# What to do in semester break???



## Harsh Pranami (Jan 5, 2014)

Hi friends. I just gave my 3rd semester examinations. I'm pursuing BE in cse. Now I have a long one month holiday before 4th semester begins. I want to utilize my holidays for something useful. I was wondering if I could take some course in java or some other language. My basics in C and C++ are strong. So please guide me. If nothing else then I will simply study the 4th sem subjects. Thanks..


----------



## harshilsharma63 (Jan 5, 2014)

First confirm that your C and C++ are strong. There are many online tests available. Try them. Also, what are your interests?


----------



## Harsh Pranami (Jan 5, 2014)

^^. My interest in in developing apps for windows mobile. As for the basics can you give me the links of such sites.Thanks


----------



## bikramjitkar (Jan 5, 2014)

Harsh Pranami said:


> ^^. My interest in in developing apps for windows mobile. As for the basics can you give me the links of such sites.Thanks



For developing Windows Phone apps you need to know XAML (for designing the UI) and C#/VB.NET/C++ for coding. Although Visual Studio has a great design environment for developing the UI, knowing XAML is a must to fine tune the design. Lots of tutorials on MSDN.


----------



## Harsh Pranami (Jan 5, 2014)

So what do you suggest for these holidays?


----------



## bikramjitkar (Jan 5, 2014)

Harsh Pranami said:


> So what do you suggest for these holidays?
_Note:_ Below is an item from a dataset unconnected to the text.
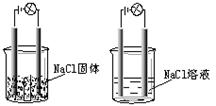 4、选择题 某校化学兴趣小组同学在实验室做实验,按照左图连接好线路发现小灯泡不亮,按照右图连接好线路发现小灯泡会亮,由此得出的结论正确的是

If you're genuinely interested in developing Windows Phone apps and have a solid grasp of programming basics, start by learning about the .NET platform and get familiar with Visual Studio (you can get the Express editions for free from Microsoft's site). I would also suggest learning C# as it's the most commonly used language for developing .NET applications.


----------



## Harsh Pranami (Jan 5, 2014)

All of these in 1 month?? I mean I can take .net or c#. Which one do you suggest? Is one month enough for either one of these?


----------



## bikramjitkar (Jan 5, 2014)

.NET is just the name of the overall platform.  You don't really need to learn it, just read about it to get a feel of what it's all about. You can make desktop, web and phone apps all on the .NET platform using more or less the same tools (Visual Studio). C# is just one of many programming languages you can use for making .NET apps. 

Don't worry if all this sounds too daunting to you, just start by downloading the Windows Phone development tools and play around with them to get familiar.


----------



## Harsh Pranami (Jan 5, 2014)

Thanks. Will try it. Anything else that I should consider?


----------



## bikramjitkar (Jan 5, 2014)

Since you're into mobile apps, keep thinking of ideas for original, interesting and useful apps. Coming up with an idea for a great app is really the hard part, coding is simple.


----------



## Nerevarine (Jan 5, 2014)

Learn Unity3D (or 2D)


----------



## avinandan012 (Jan 6, 2014)

get an internship in a company. try Microsoft their internship programs are running all around the year.


----------



## harshilsharma63 (Jan 6, 2014)

There is absolutely no chance Microsoft will intern a 3rd semester student.


----------



## Harsh Pranami (Jan 6, 2014)

harshilsharma63 said:


> There is absolutely no chance Microsoft will intern a 3rd semester student.


Agreed.



bikramjitkar said:


> Since you're into mobile apps, keep thinking of ideas for original, interesting and useful apps. Coming up with an idea for a great app is really the hard part, coding is simple.


So I should think for one month?? Dude it's the coding part I'm worried about. Tell me where to begin. The first basic step. You know "hello world"



Nerevarine said:


> Learn Unity3D (or 2D)



Game development?


----------



## Nerevarine (Jan 6, 2014)

^Yup and very easy to learn


----------



## anky (Jan 6, 2014)

yeah..learn unity..develop some games, fun and easy...
here is the link for unity tutorials (16 GB video tutorials)
Unity Mobile Game Development Torrent Download
you can also learn from various unity tutorials on youtube.
develop games for android, windows and ios and publish them and earn money..


----------



## SunE (Jan 6, 2014)

@OP Thanks for opening this thread. I am also doing B.Tech and completed my 3rd sem.

Unlike you I'm interested more in developing for iOS and Android. I already know some .Net(C#). Started looking into Unity in my last sem break but never really pursued it. Hope to do it this time.


----------



## Harsh Pranami (Jan 6, 2014)

So unity it is. If I can develop games for windows using unity, I'm doing it.


----------



## bikramjitkar (Jan 6, 2014)

Harsh Pranami said:


> So I should think for one month?? Dude it's the coding part I'm worried about. Tell me where to begin. The first basic step. You know "hello world"



I already told you what you need to get started on coding .NET apps. What kind of "strong basics in C & C++" are you talking about if you're worried about writing "hello world" programs?


----------



## Nerevarine (Jan 6, 2014)

Harsh Pranami said:


> So unity it is. If I can develop games for windows using unity, I'm doing it.



Great, im also learning it myself from web tutorials.. Perhaps we can help each other out..
Try the Brackeys Youtube tutorials.. The guy explains everything


----------



## anky (Jan 6, 2014)

Nerevarine said:


> Great, im also learning it myself from web tutorials.. Perhaps we can help each other out..
> Try the Brackeys Youtube tutorials.. The guy explains everything


great!!, i am learning unity too...brackeys tutorials are really very good!!...my final year project is an android game!!..


----------